What is required – Leaving out every picture, copy the lines of the material below exactly, from the line containing "这名中年男子叫南卫东,不仅嘴" through the line containing "La canotta è".

Material for the task –
::::::::

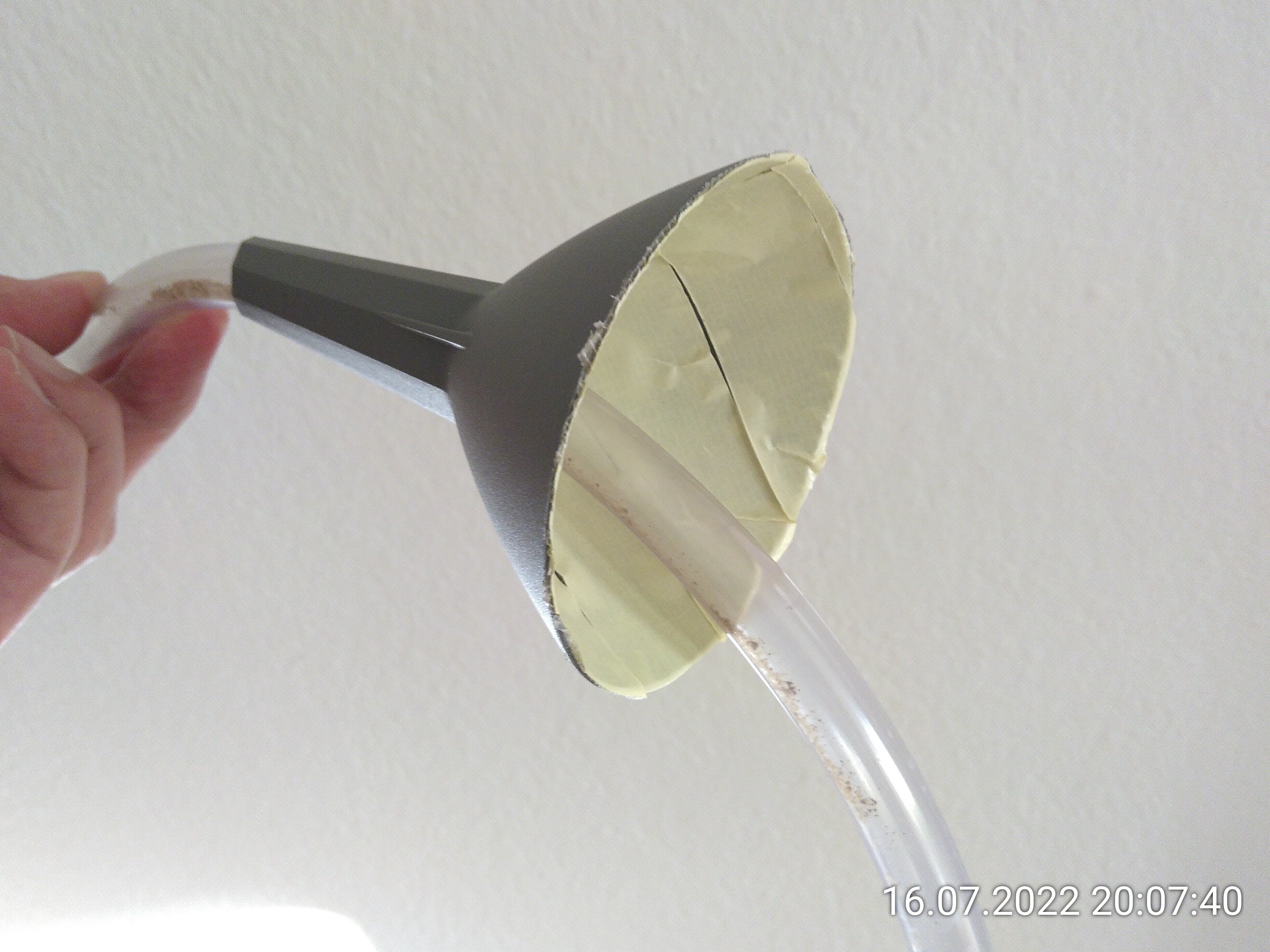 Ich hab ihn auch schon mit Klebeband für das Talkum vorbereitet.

::::::::

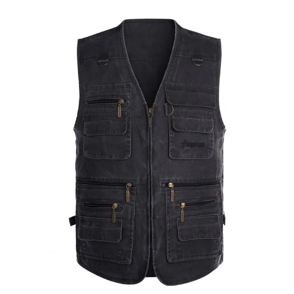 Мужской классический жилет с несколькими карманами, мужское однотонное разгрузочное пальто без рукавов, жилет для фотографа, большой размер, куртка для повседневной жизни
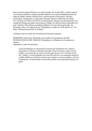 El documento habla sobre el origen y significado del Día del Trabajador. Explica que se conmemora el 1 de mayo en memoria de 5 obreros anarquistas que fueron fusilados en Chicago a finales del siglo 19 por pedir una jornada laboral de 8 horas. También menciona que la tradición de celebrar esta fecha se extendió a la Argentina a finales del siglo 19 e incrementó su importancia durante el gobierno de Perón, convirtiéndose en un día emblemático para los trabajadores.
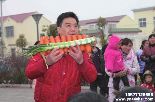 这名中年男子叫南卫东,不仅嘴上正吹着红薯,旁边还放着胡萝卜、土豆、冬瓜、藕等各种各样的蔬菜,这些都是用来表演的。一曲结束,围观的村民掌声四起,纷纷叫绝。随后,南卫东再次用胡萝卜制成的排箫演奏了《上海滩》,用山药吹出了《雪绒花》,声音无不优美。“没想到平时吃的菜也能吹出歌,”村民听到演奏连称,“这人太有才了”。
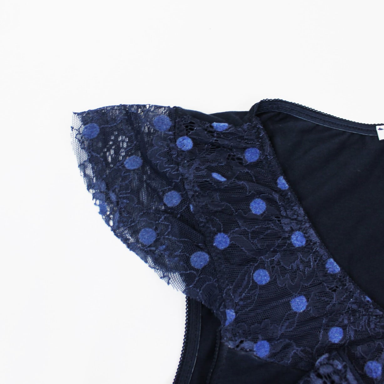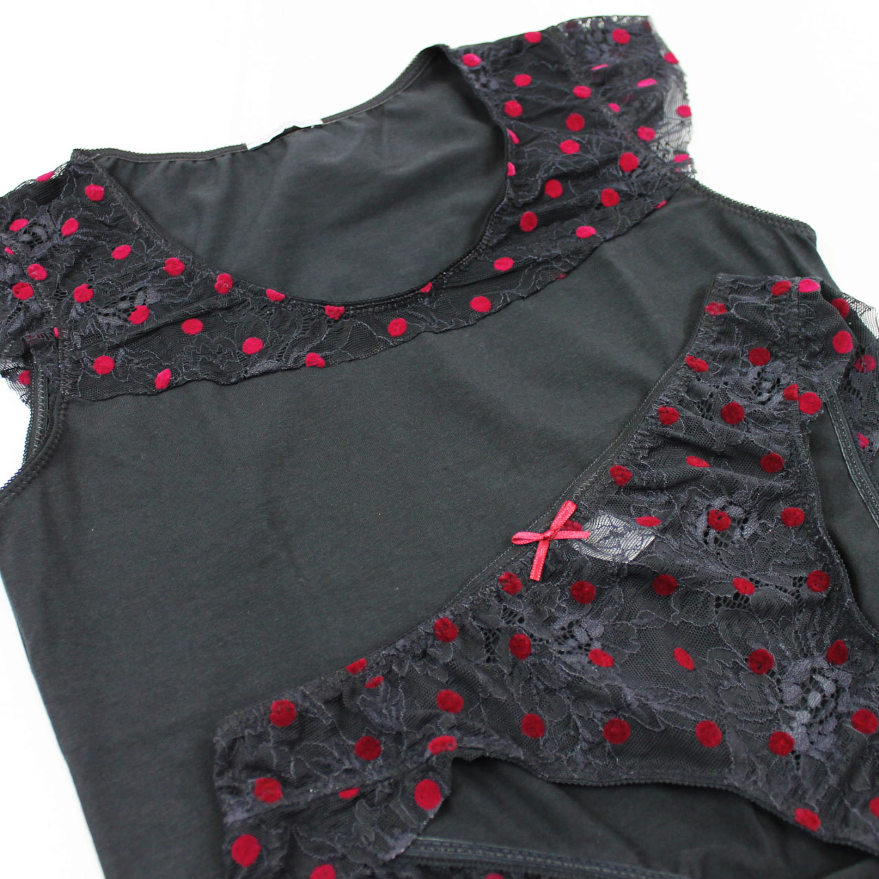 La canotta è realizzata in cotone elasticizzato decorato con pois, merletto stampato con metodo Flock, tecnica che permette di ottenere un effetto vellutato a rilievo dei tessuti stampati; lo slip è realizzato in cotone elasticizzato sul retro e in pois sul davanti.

::::::::

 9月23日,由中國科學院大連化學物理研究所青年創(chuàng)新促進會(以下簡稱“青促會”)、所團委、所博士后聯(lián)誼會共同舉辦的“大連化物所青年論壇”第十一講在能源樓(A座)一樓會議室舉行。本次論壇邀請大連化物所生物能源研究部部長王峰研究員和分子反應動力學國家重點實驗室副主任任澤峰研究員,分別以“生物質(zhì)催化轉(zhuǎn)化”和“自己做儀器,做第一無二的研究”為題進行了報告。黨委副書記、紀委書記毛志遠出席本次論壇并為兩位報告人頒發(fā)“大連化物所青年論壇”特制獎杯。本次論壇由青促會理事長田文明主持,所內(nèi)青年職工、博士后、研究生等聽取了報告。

::::::::

Written solution –
 这名中年男子叫南卫东,不仅嘴上正吹着红薯,旁边还放着胡萝卜、土豆、冬瓜、藕等各种各样的蔬菜,这些都是用来表演的。一曲结束,围观的村民掌声四起,纷纷叫绝。随后,南卫东再次用胡萝卜制成的排箫演奏了《上海滩》,用山药吹出了《雪绒花》,声音无不优美。“没想到平时吃的菜也能吹出歌,”村民听到演奏连称,“这人太有才了”。
 La canotta è realizzata in cotone elasticizzato decorato con pois, merletto stampato con metodo Flock, tecnica che permette di ottenere un effetto vellutato a rilievo dei tessuti stampati; lo slip è realizzato in cotone elasticizzato sul retro e in pois sul davanti.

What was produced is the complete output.